(Items from a dataset)
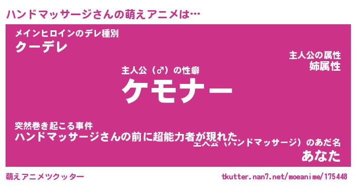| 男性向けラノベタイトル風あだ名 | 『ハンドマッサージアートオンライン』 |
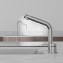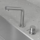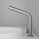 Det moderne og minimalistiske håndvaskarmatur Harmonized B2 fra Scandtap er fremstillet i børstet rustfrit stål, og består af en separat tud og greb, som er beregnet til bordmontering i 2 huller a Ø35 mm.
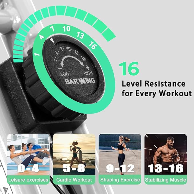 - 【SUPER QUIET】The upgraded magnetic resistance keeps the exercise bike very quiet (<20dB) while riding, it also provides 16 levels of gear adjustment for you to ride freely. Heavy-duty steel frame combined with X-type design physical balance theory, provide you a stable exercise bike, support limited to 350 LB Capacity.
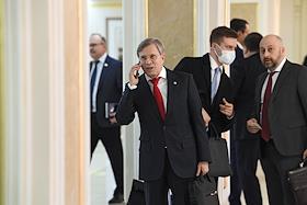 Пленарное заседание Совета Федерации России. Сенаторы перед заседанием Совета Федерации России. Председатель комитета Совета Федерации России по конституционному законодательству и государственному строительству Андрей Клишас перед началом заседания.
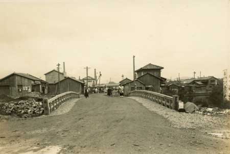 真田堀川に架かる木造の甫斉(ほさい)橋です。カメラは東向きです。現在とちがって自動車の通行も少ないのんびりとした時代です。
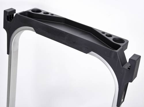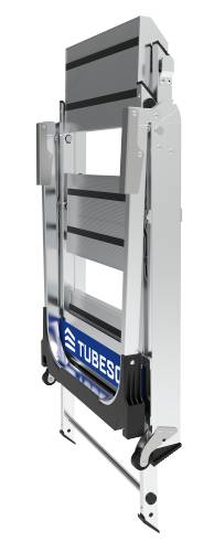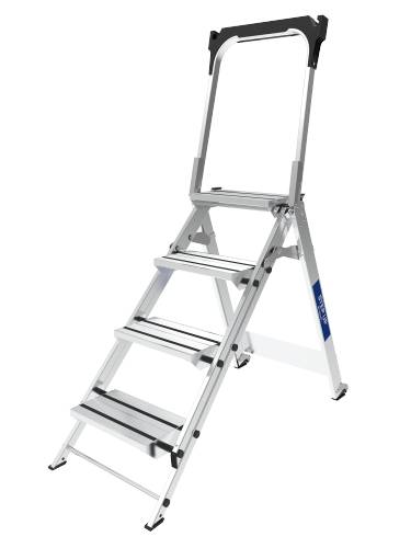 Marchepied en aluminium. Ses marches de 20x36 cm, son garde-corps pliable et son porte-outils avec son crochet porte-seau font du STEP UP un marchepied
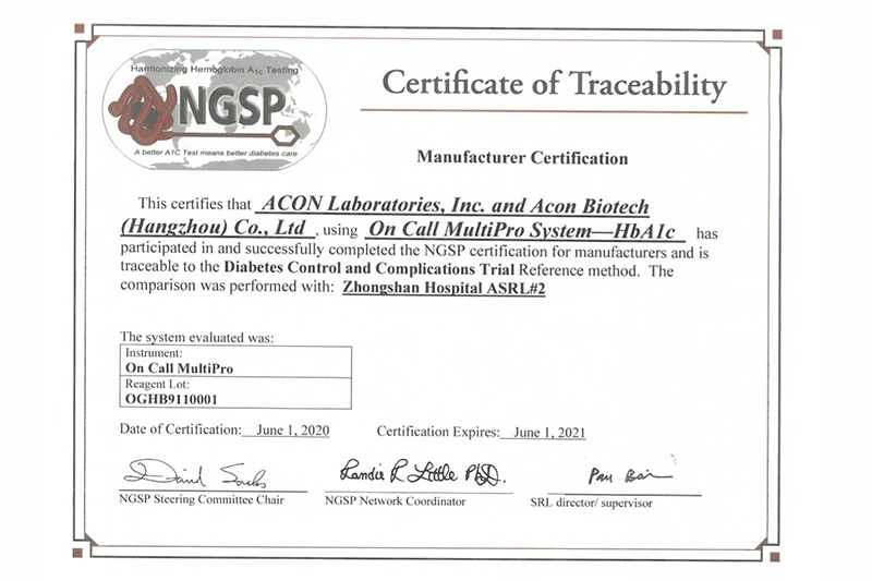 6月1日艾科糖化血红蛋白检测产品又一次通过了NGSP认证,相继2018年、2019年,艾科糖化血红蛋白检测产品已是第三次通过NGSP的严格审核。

> **To do**
Reproduce every entry exactly; images stay out.

> **Reply to the task**
| 男性向けラノベタイトル風あだ名 | 『ハンドマッサージアートオンライン』 |
 Det moderne og minimalistiske håndvaskarmatur Harmonized B2 fra Scandtap er fremstillet i børstet rustfrit stål, og består af en separat tud og greb, som er beregnet til bordmontering i 2 huller a Ø35 mm.
 - 【SUPER QUIET】The upgraded magnetic resistance keeps the exercise bike very quiet (<20dB) while riding, it also provides 16 levels of gear adjustment for you to ride freely. Heavy-duty steel frame combined with X-type design physical balance theory, provide you a stable exercise bike, support limited to 350 LB Capacity.
 Пленарное заседание Совета Федерации России. Сенаторы перед заседанием Совета Федерации России. Председатель комитета Совета Федерации России по конституционному законодательству и государственному строительству Андрей Клишас перед началом заседания.
 真田堀川に架かる木造の甫斉(ほさい)橋です。カメラは東向きです。現在とちがって自動車の通行も少ないのんびりとした時代です。
 Marchepied en aluminium. Ses marches de 20x36 cm, son garde-corps pliable et son porte-outils avec son crochet porte-seau font du STEP UP un marchepied
 6月1日艾科糖化血红蛋白检测产品又一次通过了NGSP认证,相继2018年、2019年,艾科糖化血红蛋白检测产品已是第三次通过NGSP的严格审核。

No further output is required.